Sony starts to take Vlogging seriously with the A6400
Yesterday Sony announced the latest camera in its A6K line, and for the first time, Sony has embraced the Vlogging market somewhat seriously. The new camera, the Sony A6400 is a mid-range entry in Sony’s APS-C lineup, which borrows some features from higher end Sony cameras as well as adding some new features of its own, all for a relatively affordable price.
Given the size and potential of the vlogging market, there are relatively few cameras that are ideal for vlogging, and relatively few companies seem to take this market seriously. There has long been a quest among bloggers for the perfect vlogging camera and no company has so far managed to achieve this. The A6400 comes close however.
The new camera seems to be an evolution of the A6300, and it has a lot to offer. It adds new autofocus modes in both stills and video, as well as improved colour science from the A9 series. It has a mic socket (although no headphone socket ). It still uses the older batteries, which aren’t great, but it can be powered by an external USB source, making long operation possible running off a usb power bank. Oh, and it finally gives us back a time lapse mode.
The video quality is extremely high out of this camera, especially for the price. People are complaining about the relatively high rolling shutter, which is a legitimate concern, but again, there is relatively little competition in this space at this price point, especially with a super 35mm sized sensor. I don’t know of any other camera offering oversampled 4K footage with phase detect autofocus and a log and hybrid log gamma at this price point.

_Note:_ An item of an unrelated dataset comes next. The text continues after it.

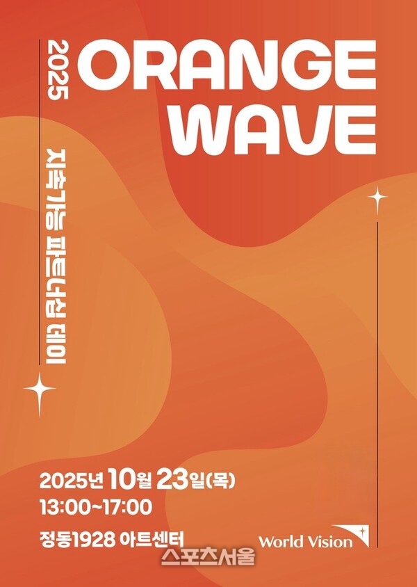 [스포츠서울 | 백승관 기자] 국제구호개발 NGO 월드비전(회장 조명환이 오는 10월 23일 서울 정동1928 아트센터에서 ‘2025 오렌지웨이브(Orange Wave) 지속가능 파트너십 데이’를 개최한다. 기업의 ESG(환경·사회·지배구조) 경영 실천을 위한 협력의 새로운 모델을 제시하고, 지속가능한 사회공헌 생태계 조성을 목표로 마련됐다.

As always though, punditry and commentary is jumping on the band waggon to bash the new Sony camera, with many of the complaints being completely overblown in my opinion. So let me address the two most common of these:
The Selfie Screen is blocked if you put a microphone in the hot shoe.
There is a really simple solution to this. Don’t put a microphone on the hot shoe. There are plenty of people out there using various rigs for vlogging, and this is a “problem” that can be solved with a $11 flash bracket. It’s not a deal breaker, not even remotely. Why? Because the benefits far outweigh the minor inconvenience of using an extra bracket to mount your microphone.
I think this would be different if the market was flooded with cameras offering good 4K video with good autofocus and a selfie screen. But there isn't. The most popular Vlogging camera at the moment is the Canon Eos M-50 which is really only useable for Vlogging in 1080. The other option is the Panasonic G7 or G8, but these have far inferior autofocus, and use a smaller Micro 4:3 sensor.
Many people already use one of the Sony RX series for vlogging, and that has no microphone input at all. I’ve seen lots of people use this with an external recorder, all rigged onto a flash bracket, so it’s not exactly something new to have to do this.
Would it have been better to have the screen flip out? Sure? Is it a deal breaker? Not if you are serious about vlogging and want a good 4K solution. As far as I can tell, this is probably the only camera offering 4K of this quality which has a front facing screen and a microphone input.
There are actually advantages of the screen position. If you’re already a blogger you may already know this. The screen on top is relatively close to the lens axis, and so when you look at it it won’t look like you’re looking off to the side. You will still get the impression of looking up, but because it’s further back, and close to the body, it should be less of an issue than it is on some other cameras. I don’t think this was accidental on Sony’s part either. I suspect that it was deliberate. I could be wrong, and will need to see it in real life to determine how well it performs in reality, but I suspect it will actually be quite good from this aspect.
This is another one that has loud moaning in the comments section, but this is pretty reasonable in my opinion given the market position of this camera. It’s not replacing the A6500, and is positioned below it in Sony’s lineup. It’s also substantially cheaper. Again, it’s chief competition, the Canon M50 doesn’t have IBIS either, and it sells remarkably well. Fuji’s more expensive X-T3 also doesn't have IBIS and that hasn’t stopped Fuji fans from being very enthusiastic about it.
The other reason for this not being a deal breaker is that despite all the criticism of Sony’s APS-C lens lineup, most of the lenses that you would use for vlogging already have stabilisation in the lens. So again, not a huge dealbreaker in my opinion, considering that few of the extremely limited competition have this feature either.
One Killer Feature
There is one feature that the A6400 has that may be getting overlooked by some. It has no recording limit. There are surprisingly few cameras in this form factor without a recording limit, and this is a pretty big deal. Early testing reveals that there doesn’t seem to be an overheating issue either. If you want to record long interviews or events then this is a really useful feature to have, and there are surprisingly few hybrid cameras out there that can do this, at any price point. (The Panasonic GH5 being one example)
Inn my opinion, this is a great option for vloggers at this price point. I’m not sure there is a lot of competition if you want 4K. There is the Panasonic G7/G80 series cameras, but they have a number of limitations, especially in autofocus. If you only want 1080 with occasional 4K, then Canon’s M50 is a good option, especially considering its lower price, but the Sony A6400 has significantly better video capabilities, at least on paper anyway. I’m really curious to see how well this does, and to see what the reviews are like from real users, once the usual suspects get over their click bait complaining.